La blague « Pablo J » de Tyson Fury fait sourciller avec l'affaire de cocaïne Joseph Parker en cours

Tyson Fury s'est rendu sur les réseaux sociaux lors de l'entraînement pour son affrontement du 11 avril avec Arslanbek Makhmudov et a fait une blague qu'il aurait probablement dû laisser tranquille.

Debout à côté de Joseph Parker, Fury a frappé Oleksandr Usyk et Anthony Joshua avant de dire : « Vous avez Usyk et Joshua qui font équipe, deux putains de saucisses, des fruits avec les masques à l'entraînement. Et vous avez moi et mon garçon ici, les deux meilleurs buveurs, fêtards du jeu. Ce n'est pas mieux que nous.

« Vieux Pablo J, Pablo J et Tyson Montana. Allons-y ! Vous savez ! Allons-y ! »

À un certain niveau, c'était Fury qui faisait ce que Fury faisait. Il faisait le clown, parlait de lui-même et de Parker, et se moquait de l'autre côté.

Le problème est évident. Parker attend toujours le résultat final après un test indésirable lié aux métabolites de la cocaïne, ce qui laisse le choix de blague de Fury dériver vers un mauvais goût même s'il ne voulait rien dire de grave.

Références sur le thème de la drogue

Fury ne s'est pas contenté de plaisanter sur le fait d'être des buveurs et des fêtards. En appelant Parker « Pablo J » et lui-même « Tyson Montana », il a semblé s’appuyer sur des références à la culture pop liées à la cocaïne.

« Pablo J » se lit comme un clin d'œil apparent à Pablo Escobar, tandis que « Tyson Montana » est une référence claire à Tony Montana, le baron de la drogue fictif de Écharpe. Mis à côté du cas non résolu de Parker, ces lignes étaient toujours susceptibles d'attirer l'attention.

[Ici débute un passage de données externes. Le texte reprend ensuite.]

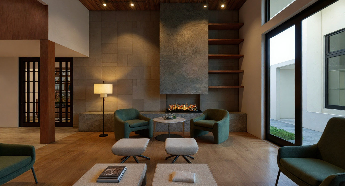 improve this bedroom render while keeping the existing furniture layout enhance the material textures walls fabrics wood and flooring for a more realistic and refined look add subtle modern decorative elements on the nightstands such as lamps books or small sculptures include a few decorative cushions on the sofa that match the room s color palette and incorporate modern wall art to bring more personality and style to the space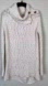 Lovely nubby boucle open knit pull over sweater in cream with large split cowl neck. Three wooden buttons detail on cowl, long sleeves, tunic length. Cable knit down front length of sweater. Ribbed knit collar, cuffs and hem. Raglan sleeves, high low hem. Spare button and thread included. Wrap yourself up in this soft and cozy sweater!

World Boxing News a déjà rapporté que Parker avait abordé les résultats négatifs du VADA liés aux métabolites de la cocaïne et nié avoir sciemment pris une substance interdite.

Boxesport a également examiné les conséquences potentielles auxquelles Parker pourrait encore faire face si l'affaire lui était défavorable, avant que Parker ne refait surface publiquement tandis que les questions sur le problème non résolu restaient en arrière-plan.

Jusqu'à ce que Parker soit formellement innocenté ou puni, cela reste un sujet sérieux. Un problème de test lié à la cocaïne le jour d’un combat n’est pas quelque chose qu’un boxeur voudrait transformer en punchline.

Fury connaît le territoire

C’est une autre raison pour laquelle le commentaire se démarque. Fury a sa propre histoire antidopage et sait à quelle vitesse ces situations peuvent suivre un combattant.

Son cas passé était différent et ne devrait pas être traité de la même manière que la position actuelle de Parker. Malgré cela, Fury connaît les dommages qu'une controverse sur les tests antidopage peut causer au nom, à la réputation et à la carrière d'un boxeur.

Cet arrière-plan rend la ligne encore plus négligente. Ce qui aurait pu passer pour des plaisanteries inoffensives dans un autre décor se pose différemment lorsque le combattant à côté de lui a encore des questions qui pèsent sur lui à propos de la substance sur laquelle il plaisantait.

Une blague qu'il vaut mieux laisser tranquille

Fury a bâti sa carrière en laissant échapper ce que les autres garderaient pour eux. Parfois, cela joue en sa faveur car cela nourrit le caractère que les gens attendent de lui.

Cette fois, il s'est approché trop près d'un problème en cours impliquant Parker.

Même si la remarque n’était rien d’autre qu’un rire entre amis, plaisanter dans ce sens et la publier à des millions de followers allait toujours inviter à un examen minutieux.

Le nom de Parker n'a pas encore été blanchi et, en attendant, les références liées à la culture de la cocaïne n'auront jamais l'air intelligentes.

Fury n’avait peut-être pas l’intention de faire du mal. Il aurait quand même été plus sage de ne pas y aller.